Me gusta la poesía de
Gimferrer. Iba a escribir, “Todavía
me gusta…” ¿Qué quiere decir esto: que me encantaba la obra de este autor hace
unos años, pero que me he distanciado de su lectura, que ya no la venero como
antes, cuando tenía veintitantos años y todo era pasión e inteligencia
apasionada? Lo que quiere decir es que a pesar del tiempo transcurrido, me
sigue interesando la poesía y que la ofertada por Gimferrer en concreto, aunque
en algún momento su lectura se vea aureolada por ciertos destellos melancólicos
al remitirme a un pasado más feliz y menos complejo que el tiempo presente,
consigue ilusionarme y fascinarme con su belleza y despliegue de imágenes. Entonces
¿sobre quién pesa más el tiempo: sobre la obra de Gimferrer o sobre sus
lectores, en este caso, yo?
Con el paso del tiempo, - el fastidioso tema de siempre que lo modifica todo - , no es que nos hartemos de los libros que hemos leído con placer y pasión, sino que la fe ciega que practicábamos con aquellos autores que leíamos sin que admitiésemos crítica alguna porque eran nuestros preferidos y nos volvían locos, cede en unos cuantos grados. Antes lo que eran genialidades de un estilo, ahora ya no nos lo parece tanto; antes lo que identificaba la escritura de un novelista o poeta que disfrutaba de nuestro seguimiento sin fisuras, ahora nos fastidia, nos parecen manías prescindibles. Antes, el universo que representaba la obra de un escritor era irrefutable, nadie podía describirlo mejor. Ahora ya no nos sorprende tanto lo que cuenta, podría decirse de otro modo, combinarse sus elementos en acorde con la abundante información de que disponemos actualmente.
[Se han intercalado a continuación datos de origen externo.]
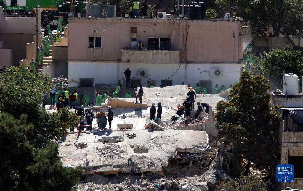 9月15日,救援人員在約旦首都安曼的居民樓倒塌事故現場(chǎng)工作。

De todos modos, aunque la emotividad y expectación que la literatura de un autor nos ofrecía en años pasados, haya decrecido o incluso casi desaparecido, debemos darnos cuenta de que todos estos procesos son subjetivos, es decir, dependen de la ubicación intelectual y vital que ocupemos o que vayamos ocupando, y que el placer que nos procuraban estas obras literarias de nuestro pasado, puede súbitamente regresar, según las metamorfosis intimas de nuestros deseos. Por ejemplo, cuántas veces me creí distanciado definitivamente de la poesía surrealista o expresionista, y me sorprendí a mí mismo, volviendo a frecuentar los libros que devoré en la adolescencia y primera adultez. Teniendo en cuenta que la obra literaria es una oferta de mundos específica diseñada por un creador particular, todo encuentro con un libro supone un remover, un estimular, un activar tanto nuestra imaginación como nuestra memoria, de tal modo que la inmersión en la obra literaria puede implicar un viaje renovador en el tiempo a las fuentes de la inspiración ubicadas en un texto leído hace cuarenta años o bien, antes de ayer. Se dice que no hay hábito mejor que la relectura, y estoy de acuerdo con ello, porque al practicarla descubres aspectos y significaciones que no eran tan manifiestos en la primera lectura. Descubrimos de este modo un pequeño milagro, la capacidad de la obra literaria para renovar sus símbolos, la vida concreta que la obra exhibe en cuanto una nueva lectura detecta dimensiones no percibidas anteriormente.